Parisi is one of several brands in the Paris Brothers portfolio, alongside Mother Earth Coffee, Cervasi, Luigi's Pasta Sauce, and Margarita's Salsa. Its product line includes single-origin coffees and blends such as the Kansas City Breakfast Blend and Bravissimo, as well as whiskey barrel–conditioned coffees.

== Competition and recognition ==
Pete Licata, Parisi's quality assurance manager, won the United States Barista Championship in April 2013, having also taken the title in 2011. A Kansas City–area native, Licata first worked as a barista while a student in the Kansas City area and later served as director of coffee quality for a Hawaiian café chain from January 2009, before returning to the region and joining Parisi in November 2012. He won the South Central regional competition, held in Kansas City in January 2013, and advanced to the national final in Boston, where 47 competitors each gave a 15-minute performance preparing four espressos, four cappuccinos, and four servings of an original signature drink for a panel of sensory and technical judges. His responsibilities at Parisi spanned green coffee sourcing, roasting at the Kansas City plant, and the beverage program at the company's two cafés, and the company bought competition-grade equipment for his practice sessions. Co-founder Joseph Paris, then a vice president of Paris Brothers, compared the win to a neighborhood child succeeding and said it formed part of the company's development as a coffee business.

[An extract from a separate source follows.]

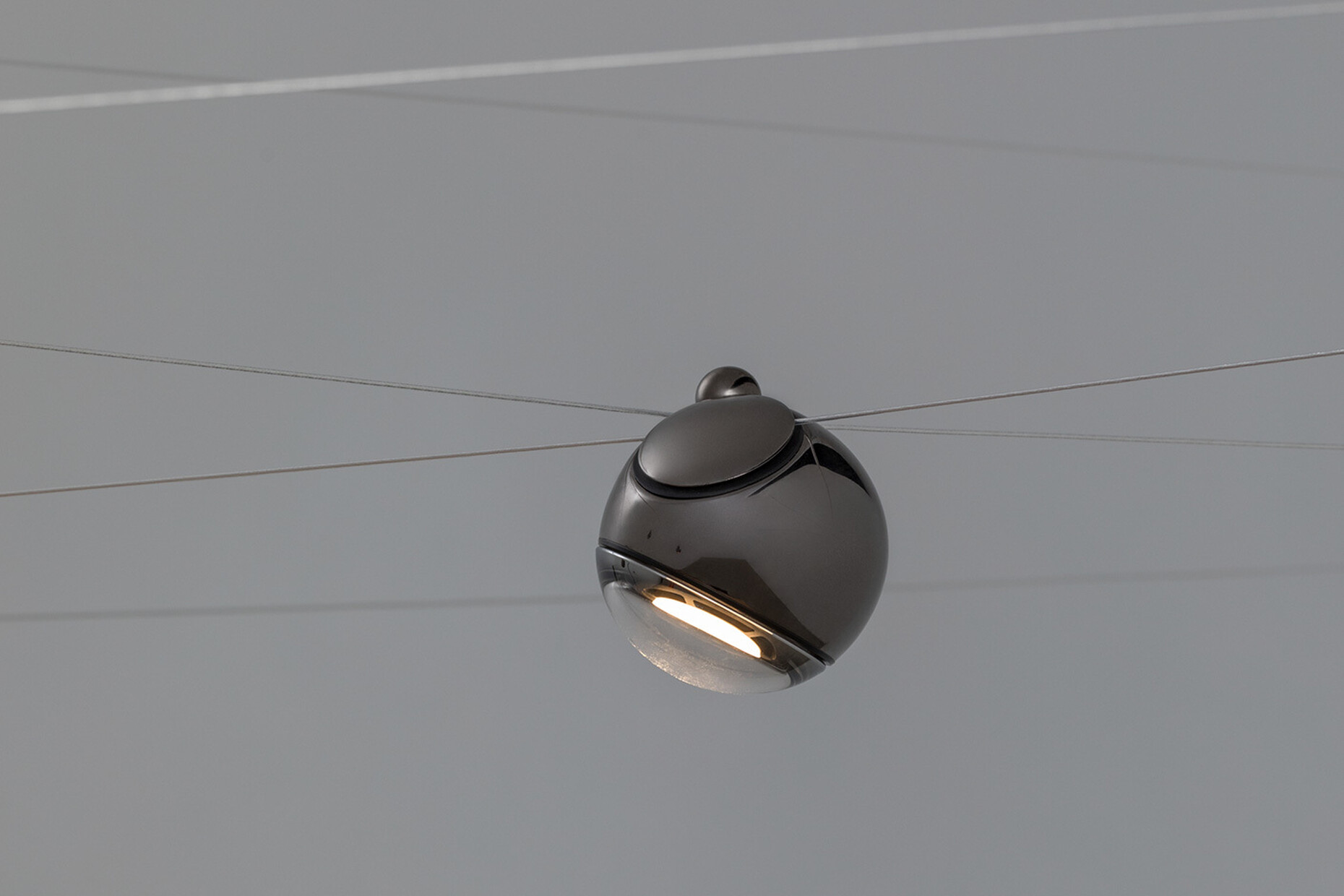 Durch die Kabel fließt eine geringe Stromspannung, die die Lampenkörper mit elektrischer Energie versorgt. Sie sind nicht weniger gestalterischer Teil als die eigentlichen Spots – denn sie bringen die dynamische Komponente, die die Lichtpunkte fast wie kleine Satelliten auf einer Umlaufbahn erscheinen lässt.

The following month Licata won the World Barista Championship in Melbourne, Australia, becoming the second American to hold the world title. The first was Michael Phillips of Intelligentsia Coffee in Chicago, who won the 2010 championship in London. Licata's competition routine used a Colombian coffee grown by Arnulfo Leguizamo in the Huila Department and roasted by John Welsh at Parisi. The non-alcoholic coffee cocktail he created for the judges combined chilled palm sugar syrup and an espresso shot served over ice with non-alcoholic bitters flavored with orange peel and lemongrass; it was subsequently sold at Parisi cafés. Parisi's Dean Kallivrousis placed fourth at the 2013 United States Brewers Cup.

In November 2013, Fodor's named Parisi Café to a list of America's 15 best independently owned coffee shops, a selection that also included Intelligentsia Coffee, Stumptown Coffee Roasters, and Victrola Coffee Roasters.

Parisi has been cited in coverage of Kansas City's coffee scene. Readers of Travel + Leisure ranked the city seventh among American coffee cities in 2014, with Parisi named among the local shops noted. In 2015, The Daily Meal placed Kansas City sixth on a list of the ten best cities for coffee in America, and coffee journalist Erin Meister singled out Parisi alongside Oddly Correct, Quay Coffee, and The Roasterie. That same year, Feast magazine named Parisi runner-up for best large coffee roaster in Kansas City in its Feast 50 awards.

== Partnerships ==
In early 2020, Parisi became the official coffee and cold brew of Sporting Kansas City of Major League Soccer and the preferred specialty foods provider for the club's in-house catering operation, with products sold at Children's Mercy Park. In 2021 the company released Il Mentore, an espresso blend developed with Sporting Kansas City manager Peter Vermes as part of its Tifosi Series.

Parisi coffee was served at Union Station during the 2023 NFL draft, which the venue hosted in April of that year.